Word of Superman and his ethnic undertones did not escape the enemy’s notice in real life. Josef Goebbels, the Nazi minister of propaganda, denounced Superman as a Jew. In April 1940, Das Schwarze Korps, the weekly newspaper of the Nazi S.S., attacked the comic and its Jewish writers:
Jerry Siegel, an intellectually and physically circumcised chap who has his headquarters in New York. . . The inventive Israelite named this pleasant guy with an overdeveloped body and underdeveloped mind “Superman..
Here were Nazis wringing their hands over a cartoon character cooked up by a couple of boys across the sea. Yet this ideologically driven rant actually touched on something vital–the importance of Shuster and Siegel’s Jewish heritage.
Superman #1 begins with a brief synopsis of the hero’s escape from Krypton, which draws heavily on Jewish sources. Superman’s journey closely reflects the story of Moses. Like the people of Krypton who faced total annihilation, the Israelites of biblical Egypt faced the murder of their male offspring. To ensure her son’s survival, Jochebed places Moses in a reed basket and sets him afloat on the Nile. Her desperate decision is clearly echoed by Superman’s father, Jor-El, who launches the little rocket ship containing his son into outer space.

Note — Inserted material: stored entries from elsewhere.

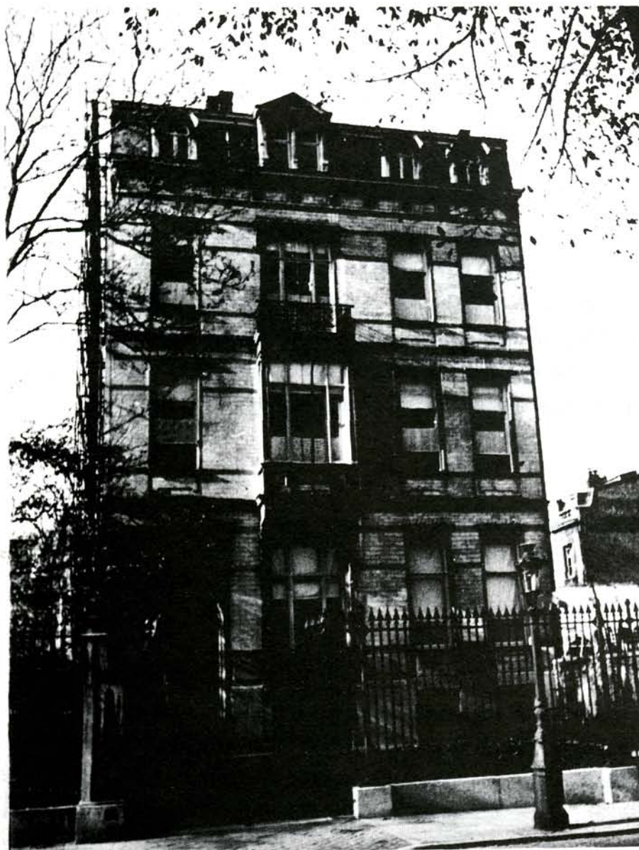
Het Nationaal Instituut voor Sociale Geschiedenis, Brussel

van de socialistische verzekeringsmaatschappij "La Prévoyance Sociale - De Sociale Voorzorg". Dit instituut was een socialistisch initiatief, maar het had een pluralistische opzet. Mensen uit de politieke en wetenschappelijke wereld van diverse ideologische strekkingen vormden een "technisch raadplegend comité" dat borg stond voor het wetenschappelijk peil. De Tweede Wereldoorlog betekende het einde van dit projekt.
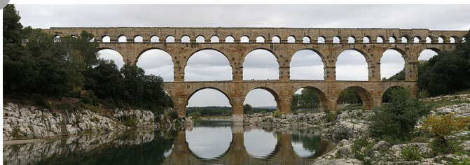
Le Pont du Gard, Ier siècle ap. J.-C.
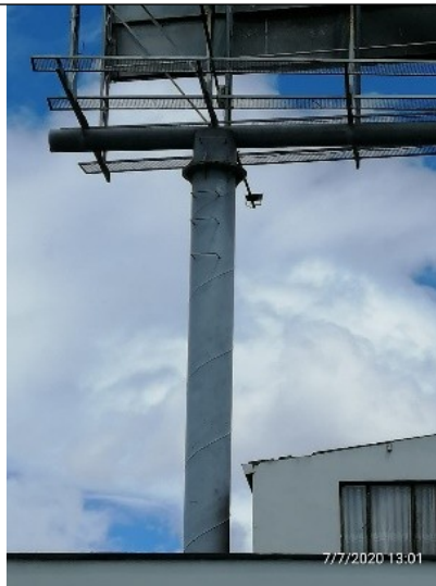
Foto 3. Vista de la estructura de la valla tubular en buenas condiciones y estable.
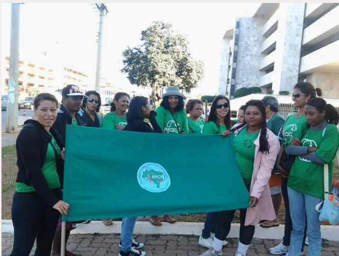
Cooperados da Reciclo em evento em Brasília em 2020.
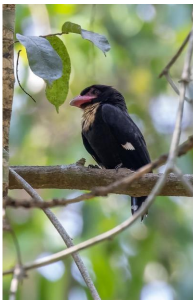
Figuur 4. Dusky Broadbill.
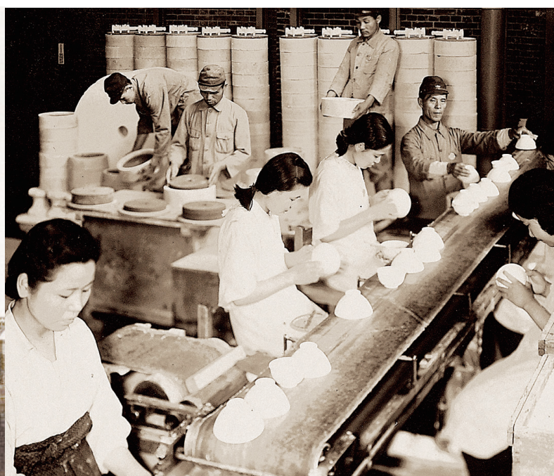
食器と磁石を混焼する焼成工場(昭和15年頃)
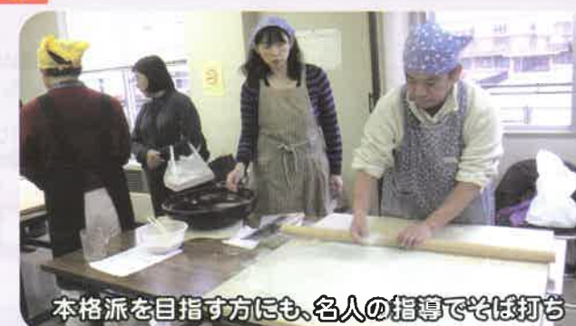
本格派を目指す方にも、名人の指導でそば打ち
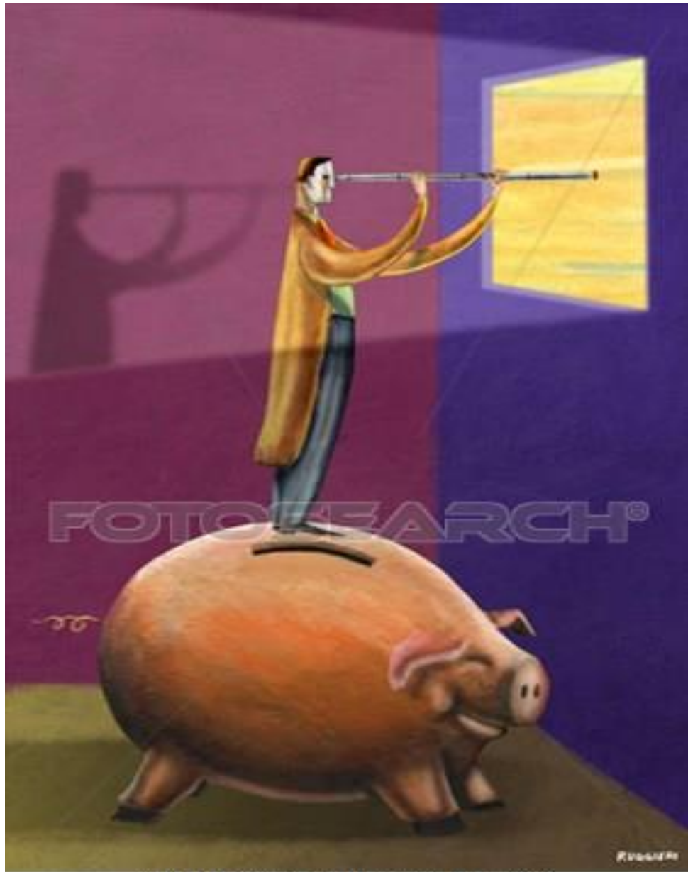
ruggia0344c fotosearch.com ©
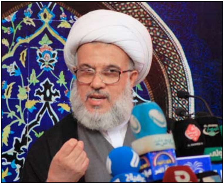
عبد المهدي الكربلائي

وأطلق القبانجي "مبادرة تشمل تسليم المؤسسة الأمنية الى منظمة بدر لانهم يمتلكون الإخلاص والتضحية والكفاءة"، موضحا أن "المؤسسة الأمنية اليوم تشهد الكثير من علامات الاستفهام وهذا ما أوصلنا الى هذه الأحداث". وعلى صعيد آخر، قال القبانجي "نحن ننتظر موقفا من وزارة الخارجية بحق نائب السفير العراقي في السعودية معد العبيدي"، معلنا رفضه أن "تمرر هذه القضية بمجرد استعفاء أم يحول العبيدي الى موقع وسفارة أفضل من السفارة الحالية"، لافتا إلى "إننا ننظر موقفا سريعا أمام الراي العام". ودعا القبانجي المسؤولين إلى "الاستماع للمتظاهرين في الجنوب بمحبة وصق بعيدا عن التسييس، وخطاب مسؤولي الدولة "استجيبوا لمطالب الشعب واعترفوا ان الشعب يعيش في مأساة".
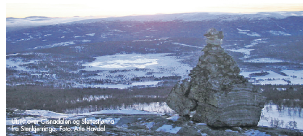
Utsikt over Gisnadalen og Slættstjøna fra Stenkjerringa.

Du kan returnere samme vei som du kom, men halvveis gjennom Falkhøskaret anbefaler vi å legge turen om Stenkjerringa før du går ned til Nylendsætra igjen. Dette er en artig steinformasjon som er verdt et syn. Tilbake på parkeringsplassen vet at vi du vil tenke at du har hatt en fabelaktig fin tur!
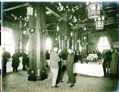
▲1927 年開業時の頃のフェニックスルーム
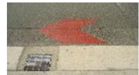
《矢羽根型路面標示》
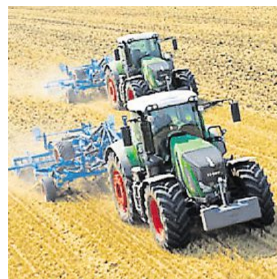
Le tracteur maître est conduit par l'agriculteur, quand le tracteur esclave est autonome.

En cas de zone blanche, des sociétés proposent une connexion par satellite. Il est aussi possible d'intégrer la fibre optique lors de la conception du bâtiment. Ces caméras apportent du confort à l'agriculteur qui n'est pas obligé de se déplacer pour surveiller pendant la nuit.
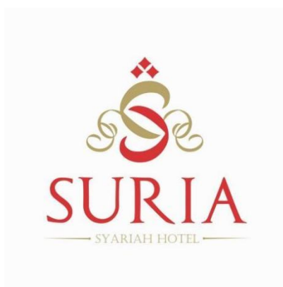
Gambar 1. 1 Logo Suria City Hotel
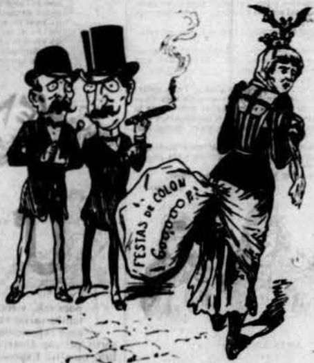
D'haver passat cert afront Barcelona està que bufa y de vergonya es confon. ¡Encare porta la llufa de las festas de Colon!
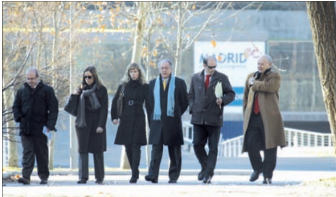
Segunda inspección del Madrid Arena, el pasado 26 de diciembre
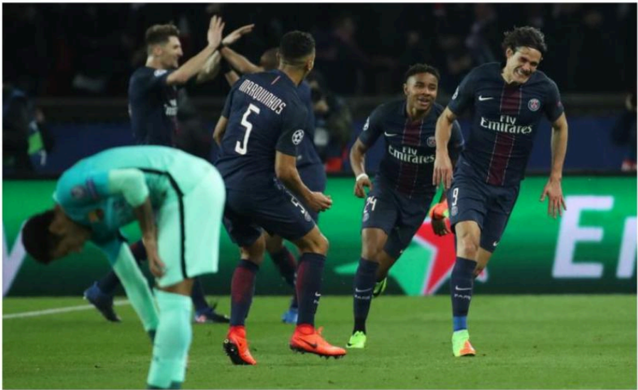
Le match de l'aller entre Fc Barcelone et PSG en 2017.

un résultat quelconque. Je parle en tant qu'amateur de football professionnel, qui a vécu plein de moments spéciaux qui montrent cette dimension. Notamment, à la saison 2017/2018, où le tirage au sort a mis le FC Barcelone contre le PSG en huitièmes de finale. C'était une version de Ligue des champions où les deux clubs étaient favoris pour l'emporter. Le Barca d'une part avec le trio effrayant MSN et le PSG plutôt avec une équipe homogène bien construite avec Di Maria, Cavani et Verratti. Le rendez-vous de l'aller a été atteint sur le Parc des Princes. Le terrain était plein de supporters, bref une ambiance incroyable. Comme ce n'était jamais prévu, le PSG s'est impliqué devant ses supporters et a écrasé le Barca 4-0. Paris a un pied et quatre doigts en quart de finale. PSG - Barça : le film du match. C'est terminé ! Le PSG s'impose 4-0 et humilie le Barça !, a publié L'Equipe en exprimant la honte que ressentent les Barcelonais après le match. En tant qu'amateur de Barca, le sentiment était difficile, le résultat était inacceptable, c'était honteux... Les gens ont commencé à quitter les salles de match dès le 3ème but, je me rappelle. C'était vraiment une nuit sombre pour nous. Il y avait des gens qui
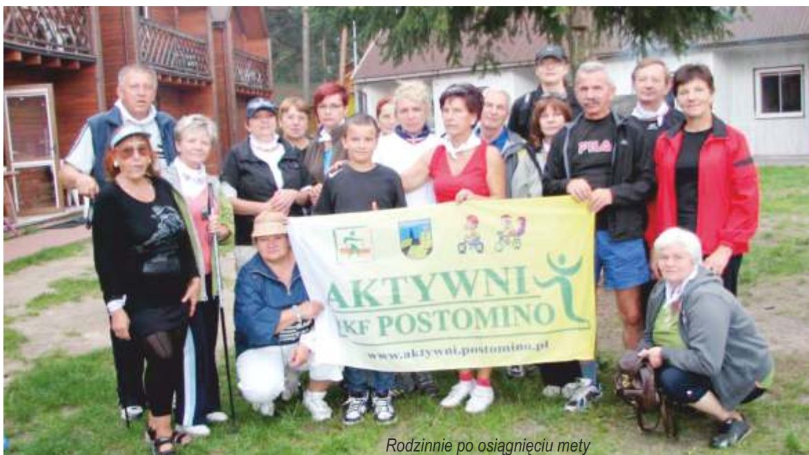
Rodzinnie po osiągnięciu mety

Inaczej niż zwykle spędzić ostatnie wakacyjne, niedzielne popołudnie zdecydowało się ponad 20 uczestników Rajdu Nordic Walking „Ekologiczne, spacerowe jodowanie sposobem na zdrowie”.
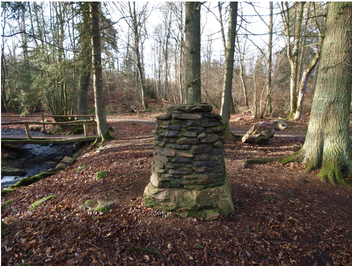
Rückansicht des Marienaltars am Seibersbach (2015). In der Bildmitte links fließt der Seibersbach.
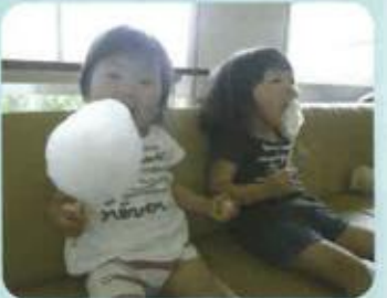
みんなで集合、ハイチース!
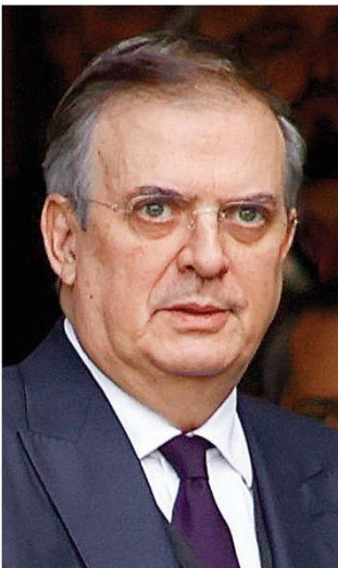
MARCELO EBRARD SECRETARIO DE ECONOMÍA

Tras rendir protesta en el pleno, Clara Brugada salió a las escalinatas del Congreso de la Ciudad de México acompañada por la Presidenta, Claudia Sheinbaum.
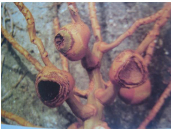
Gambar 3. Buah muda terserang Sexava sp
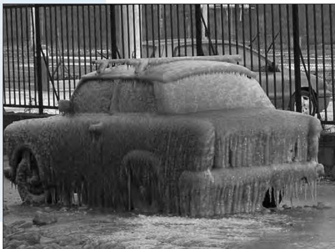
86 procent van de klassiekers wordt in een garage gestald en komt 's winters nauwelijks buiten: dat geldt voor deze Trabant kennelijk niet....
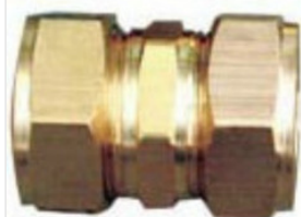
złączka skręcana ... 25,00 PLN
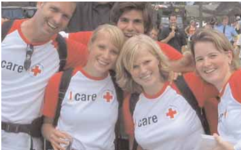
Danish Red Cross

Для того, чтобы создать дружелюбную, открытую и приятную обстановку, проведите экспресс-опрос среди членов общества и добровольцев. Обсудите в группе следующие вопросы. Они помогут определить, насколько вы дружески расположены, открыты и радушно настроены. ■
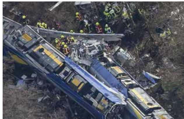
La policía abrió teléfonos de emergencia para atender a los familiares de las víctimas.

La canciller de Alemania, Ángela Merkel, se mostró conmovida por el grave accidente y trasladó sus condolencias a las familias de las personas que han perdido la vida. "También están en mis pensamientos los numerosos heridos del accidente. Les deseo una rápida y en lo posible, completa recuperación", afirmó a través de un comunicado. El ministro de Transporte de Alemania, Alexander Dobrindt, y el titular de Interior bávaro, Jochim Herrmann, acudió al lugar para informarse de pri-
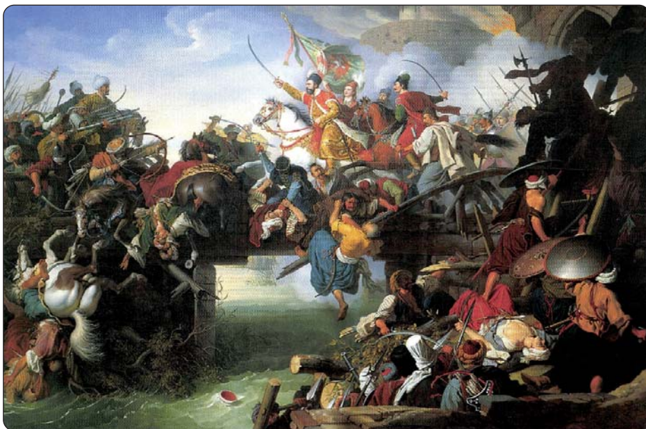
Johann Peter Kraff: Proboj Zrinskog iz Sigeta

Matica hrvatska i Društvo hrvatskih književnika pripremaju nekoliko izdavačkih projekata – knjigu hrvatskih epskih i lirskih knji-
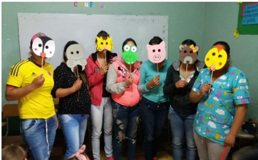
Figura 17. Cuento “Choco encuentra una mamá” agosto 09 de 2017.
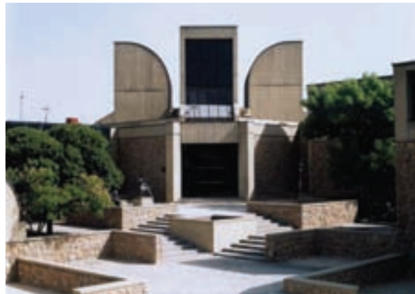
▲ شکل ۹-۱۴ د- موزه هنرهای معاصر، تهران، کامران دیبا
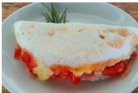
TAPIOCA – TUDO QUE SEI SOBRE ESSA DELÍCIA
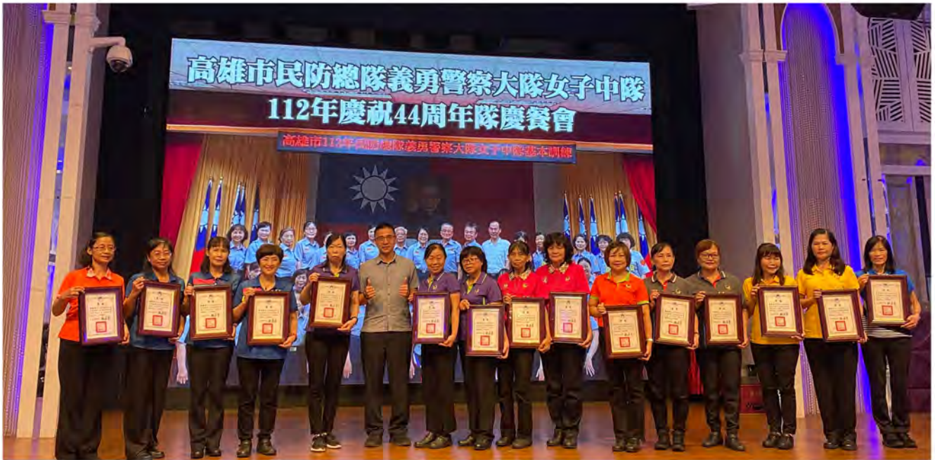
112年慶祝義警女子中隊44周年隊慶餐會頒發服務滿40、30、20年資深民防人員，感謝女義警們熱心服務，平日的付出，有你們真好！

在高雄市的早晨，每天上學都有最親切的女義警指揮交通，這個團隊展現青春、活潑、熱情的面貌，感謝這支女義警無私的投入，守護著學童的安全，成軍至今44年兢兢業業的精神相當難得，護童任務不落人後，熱心公益的表現，令人欽佩。
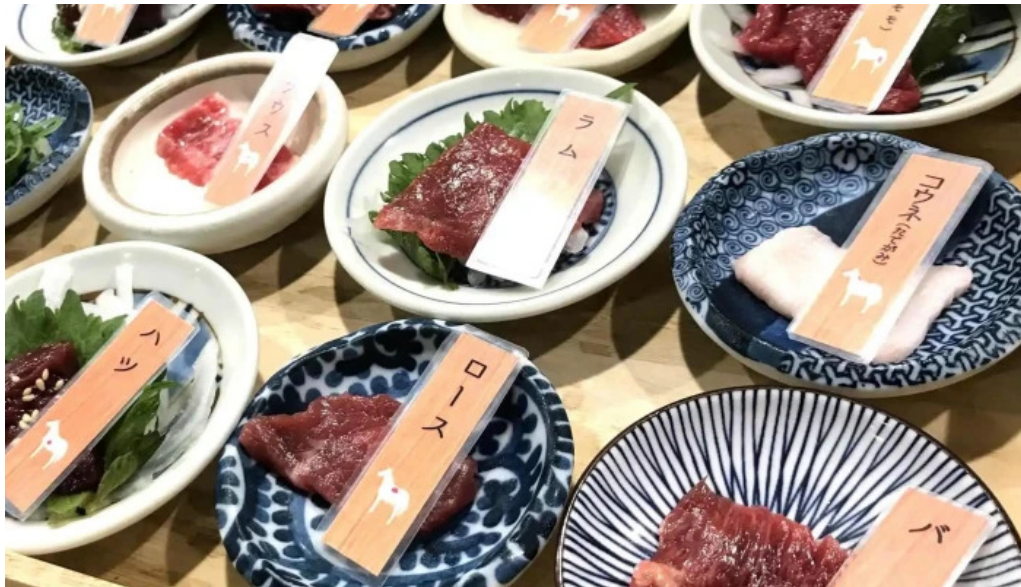
鮮魚とあご出汁おでん トリスタセカンド 住所
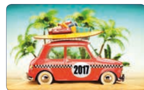
VACANCES | n° 26 705 - Plastifié n° 26 105 - Polyester laminé
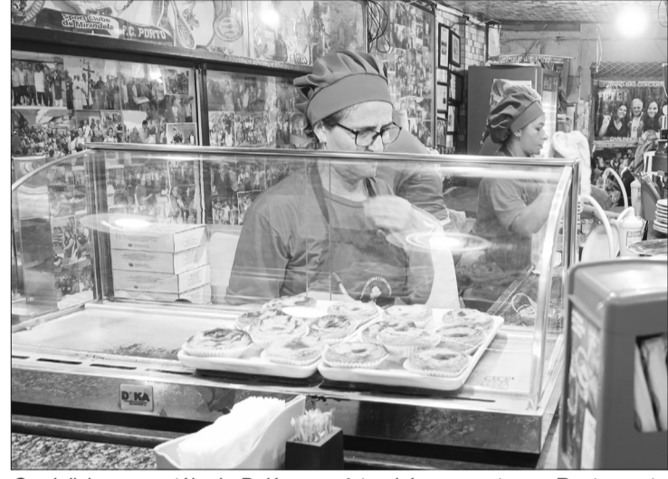
Os deliciosos pastéis de Belém, você também encontra no Restaurante Cantinho das Concertinas
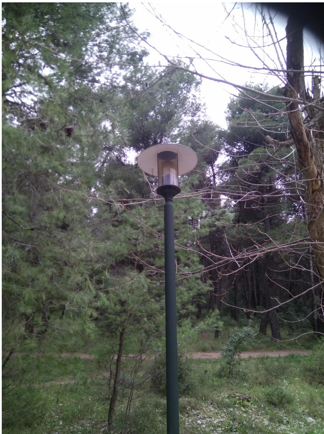
ΦΩΤΟΓΡΑΦΙΑ 13 (Είδη Υποτμήματος Γ3, Άρθρο 13) ΦΩΤΙΣΤΙΚΟΥ ΣΩΜΑΤΟΣ ΚΕΦΑΛΗΣ ΑΛΟΥΜΙΝΙΟΥ ΜΕ ΑΤΣΑΛΙΝΟ ΚΑΠΕΛΟ ΓΙΑ ΛΑΜΠΤΗΡΑ ΤΥΠΟΥ E27 LED ΠΕΡΙΒΑΛΛΟΝ ΧΩΡΟΣ ΓΗΠΕΔΟΥ ΔΗΜΟΤΙΚΗΣ ΕΝΟΤΗΤΑΣ ΔΡΟΣΙΑΣ
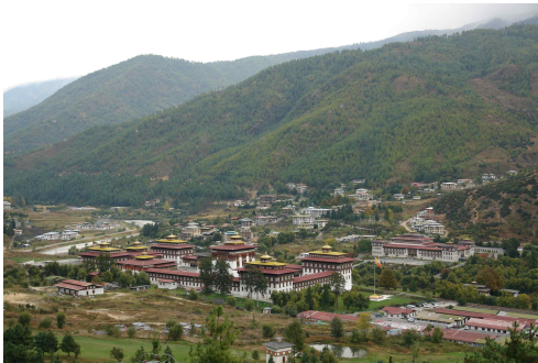
<타시초종 ; 정부종합청사이자 사원>

GNH의 연구 및 적용과 부탄의 경제, 역사, 종교, 사회, 정치, 문화 및 관련 테마를 연구하며 출판과 웹상의 공유를 통해 부탄의 학문을 장려하고, 각종 국내외 회의와 세미나 및 강연 등을 개최한다.
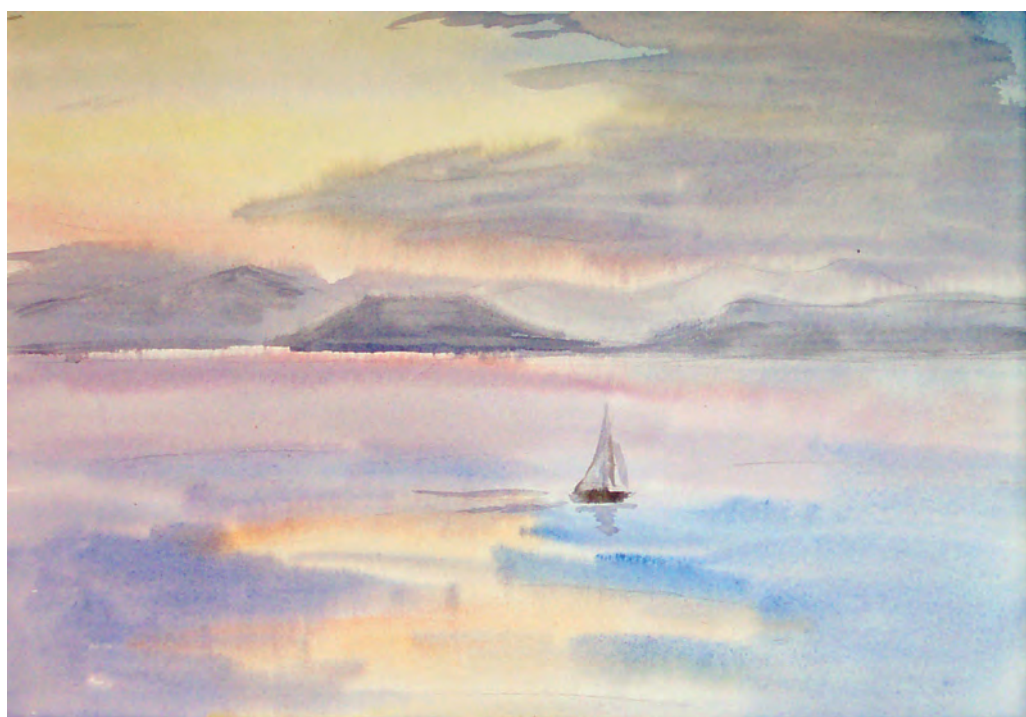
Бархатный штиль в Амурском заливе (1995)

Moses and Superman are eventually discovered and raised in foreign cultures. Baby Moses is found by Batya, the daughter of Pharaoh, and raised in the royal palace. Superman is found by Jonathan and Martha Kent in a Midwestern cornfield and given the name Clark. From the onset, both Batya and the Kents realize that these foundling boys are extraordinary. Superman leads a double life as the stuttering, spectacle-wearing reporter whose true identity no one suspects. In the same way, for his own safety, Moses kept his Israelite roots hidden for a time.
Superman’s original name on Krypton also reveals biblical underpinnings. Superman is named Kal-El and his father Jor-El. The suffix “El” is one of the ancient names for God, used throughout the Bible. It is also found in the names of great prophets like Samuel and Daniel and angels such as Michael and Gabriel. We may never know whether Siegel and Shuster were aware of these precise Hebrew translations; nevertheless, the name could not be more apt.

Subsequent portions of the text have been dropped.